» **Records for this task**
▬▬▬▬▬▬▬▬▬▬

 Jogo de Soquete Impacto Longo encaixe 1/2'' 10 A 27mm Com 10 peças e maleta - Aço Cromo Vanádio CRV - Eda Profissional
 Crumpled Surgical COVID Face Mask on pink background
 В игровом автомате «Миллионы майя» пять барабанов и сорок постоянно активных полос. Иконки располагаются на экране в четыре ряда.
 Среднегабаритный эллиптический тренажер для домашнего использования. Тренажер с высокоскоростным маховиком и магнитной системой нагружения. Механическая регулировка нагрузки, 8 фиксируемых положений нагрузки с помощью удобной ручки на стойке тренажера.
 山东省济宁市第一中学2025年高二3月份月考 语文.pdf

▬▬▬▬▬▬▬▬▬▬

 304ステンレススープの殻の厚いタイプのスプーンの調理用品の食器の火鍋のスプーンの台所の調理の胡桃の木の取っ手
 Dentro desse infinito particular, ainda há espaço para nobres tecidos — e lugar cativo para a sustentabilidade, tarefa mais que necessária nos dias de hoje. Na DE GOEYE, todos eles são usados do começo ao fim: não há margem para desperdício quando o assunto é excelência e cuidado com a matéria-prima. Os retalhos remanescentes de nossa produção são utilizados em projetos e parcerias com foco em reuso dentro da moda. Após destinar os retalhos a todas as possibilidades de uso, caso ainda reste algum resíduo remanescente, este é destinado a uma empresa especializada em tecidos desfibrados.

▬▬▬▬▬▬▬▬▬▬

» **Required action**
Extract from the records above the lines from the one containing "Jogo de Soquete" to the one containing "山东省济宁市第一中学2025年高二3月份月考 语文.pdf", both lines included, exactly as they appear and with nothing else.

» **Output for this exercise**
 Jogo de Soquete Impacto Longo encaixe 1/2'' 10 A 27mm Com 10 peças e maleta - Aço Cromo Vanádio CRV - Eda Profissional
 Crumpled Surgical COVID Face Mask on pink background
 В игровом автомате «Миллионы майя» пять барабанов и сорок постоянно активных полос. Иконки располагаются на экране в четыре ряда.
 Среднегабаритный эллиптический тренажер для домашнего использования. Тренажер с высокоскоростным маховиком и магнитной системой нагружения. Механическая регулировка нагрузки, 8 фиксируемых положений нагрузки с помощью удобной ручки на стойке тренажера.
 山东省济宁市第一中学2025年高二3月份月考 语文.pdf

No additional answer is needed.